Verify: Send 50 parts to bin 0 from the test panel — all land in the same physical bin.
Hive uploads pile up and never drain
Cause: Wrong URL/token, or Hive is unreachable from this machine. The uploader keeps samples on disk and backs off — nothing is dropped.
Fix: Test with curl -fsS "$HIVE_URL/api/health". If that fails, fix the network. If it returns but uploads still 401, the token is wrong. Set both under Settings → Hive in the UI (stored via blob_manager, not .env).

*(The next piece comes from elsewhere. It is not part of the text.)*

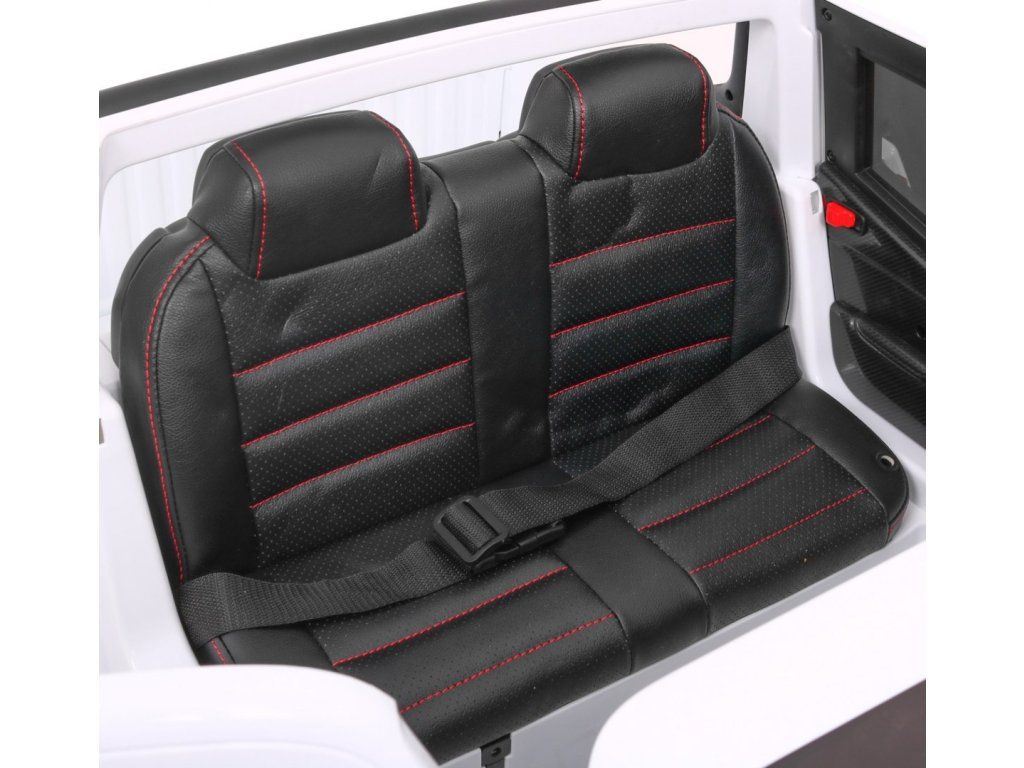 Interiér autíčka je vybaven sedadlem z černé ekologické kůže, MP4 audio panelem a tlačítky na volantu. Autíčko má spínač světel i tlačítko pro výběr pohonu (2 nebo 4 motory).
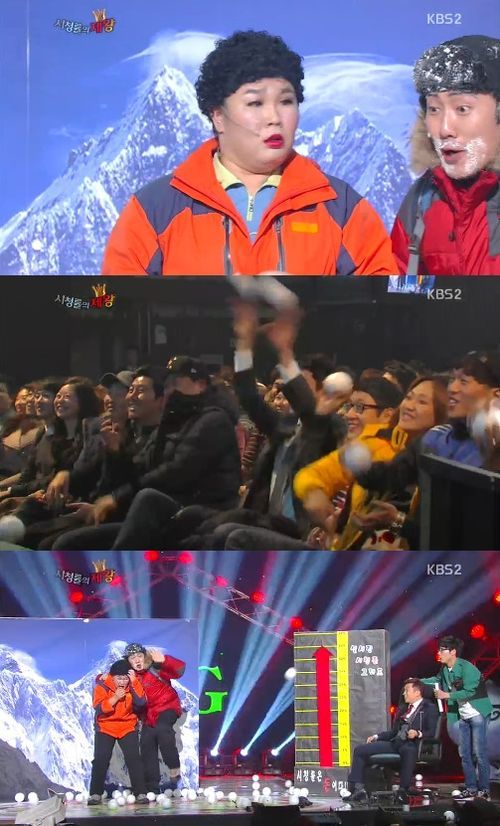 그러자 관객들은 스티로폼으로 된 눈을 김민경과 이상훈을 향해 던졌다. 관객석에 앉아있던 야구선수 류현진도 함께 눈을 던지자, 이를 본 이상훈은 류현진을 향해 “세게 던지지마. 당신이 던진 거 맞으면 죽어”라고 말해 관객들을 폭소케 했다.

Verify: The pending queue drains at roughly one upload per second per worker.
Classification samples all show detection_found=false
Cause: Chamber lighting drifted from the calibration baseline. Gemini in particular is fragile against clipped highlights or strong color casts.
Fix: Restore the lighting, or re-run the setup wizard’s chamber lighting step. If ambient has genuinely changed, recalibrate colour from Settings → Cameras.
Verify: Settings → Detection Test returns detection_found=true with a plausible bbox.
Escalate
If the symptom is not on this page, capture the following and open an issue:
./dev.sh 2>&1 | tee /tmp/sorter.log # full backend + ui output from clean start
uname -a
git -C <repo> rev-parse HEAD
uv --version && node --version && pnpm --version
Include a one-line description of what you were doing when the symptom appeared.